There's a trait for that, though it's regional for the Plane of Fire: Thoughtful Wish-Maker.

You get +2 on Sense Motive; and when making a wish from an Outsider, you can roll Sense Motive DC 25. Basically, if you succeed but not by 5 or more, the GM has to tell you what twists are being applied to the wish. If you succeed BY 5 or more, the GM is not allowed to twist the wish.

I'm going to be honest, if I had a player that picked up this trait it would :

1) Clue me in that they intend to make lots of use of wish
2) Probably prompt me to tell them straight up that anything beyond the specified uses is going to cause the spell to fail
3) But promise them it wont have any unintended consequences, it will simply fail.
So, basically, you're punishing players for not making characters the way you want?

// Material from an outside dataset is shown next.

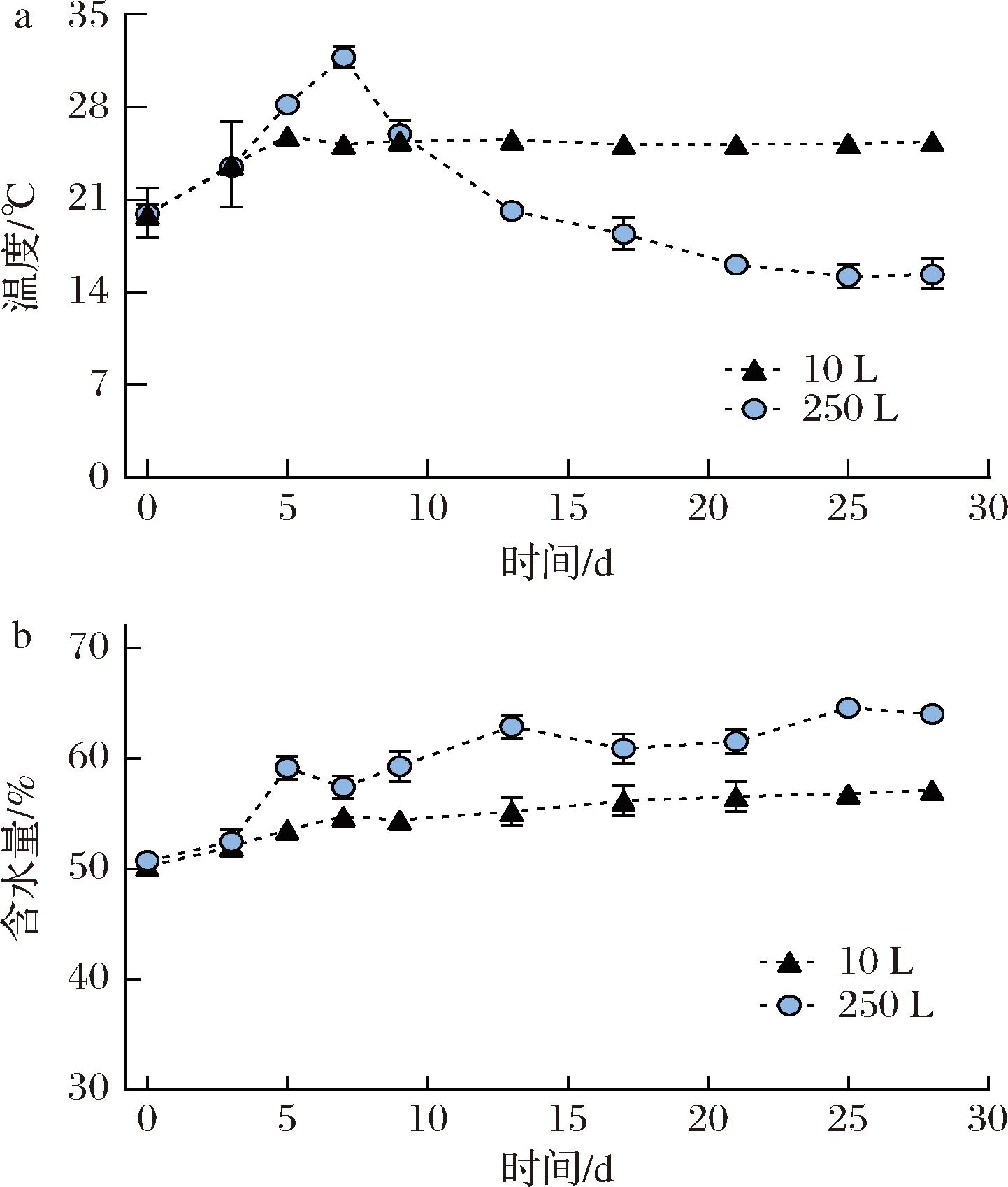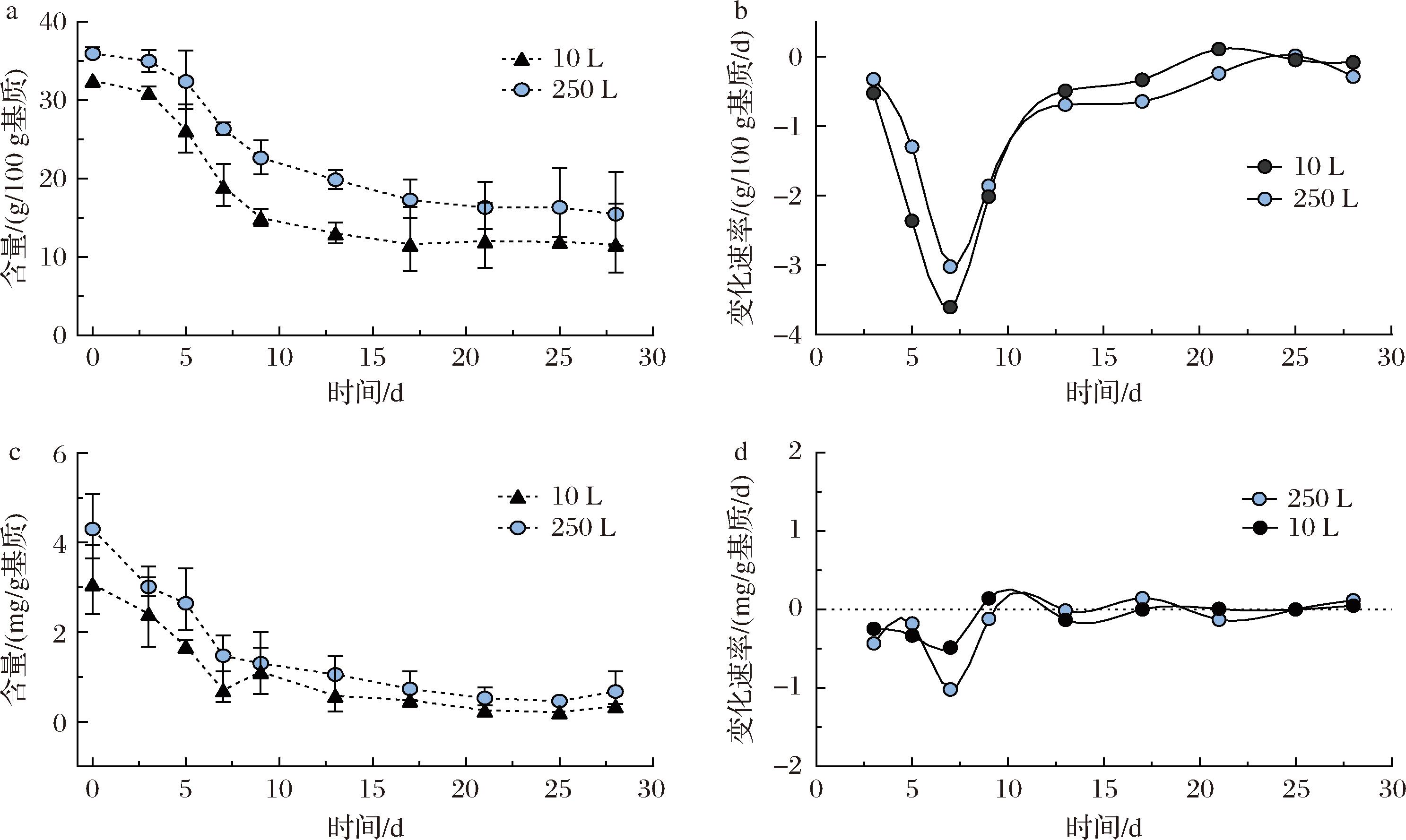 在10 L体系,温度曲线在初始阶段从较低温度[(19.87±0.81) ℃]逐渐上升到峰值[(25.36±0.06) ℃],之后在一个小范围内波动。相较于250 L体系,峰值更低且出现时间较早。这可能是由于大规模发酵体系体积较大,拥有更复杂的微生物群落结构,发酵过程中产生的热量较多,导致体系内部温度更高[24]。而小规模体系(10 L)的热交换面积与体积比更高,热量更容易散失到环境中,因此温度变化幅度不大。此外,生物代谢网络的多样性使得微生物能够适应不同的环境条件[25]。在较大的体系中,微生物可能需要更多的时间来适应环境变化,从而延后了峰值出现的时间。

No, I'm preventing wish from potentially ruining a campaign.

Telling players that they're not going to get more out of wish than it specifies isn't punishing a player and lets them evaluate if they really think the trait is worth it.

Besides, this only applies to being granted wishes by beings that might intentionally twist the spell, casting it yourself still would have the power to be twisted if you attempt to go beyond its limits.

So it doesn't actually protect you from the method that you're most likely to use to get wishes (casting it yourself).

To be honest, the way you phrased it makes me a bit upset because it comes across as though you feel entitled to make wishes without restriction...and if that is how you feel than I think we simply don't have common ground to discuss the subject.


Ryze Kuja wrote:

I wouldn't waste a trait on Thoughtful Wish-Maker unless you're doing a high lvl 1-shot or something, and even then I probably still wouldn't. This is a prime candidate for Ye Olde Paragon Surge Cheese. Paragon Surge ---> Additional Traits Feat ---> Thoughtful Wish-Maker ----> Cast Wish

Wouldn't actually help, the trait is about spells being granted by outsiders.

Basically the spell says you're not going to get tricked by poor wording when telling an outsider your wish.

It doesn't do anything for when you cast wish.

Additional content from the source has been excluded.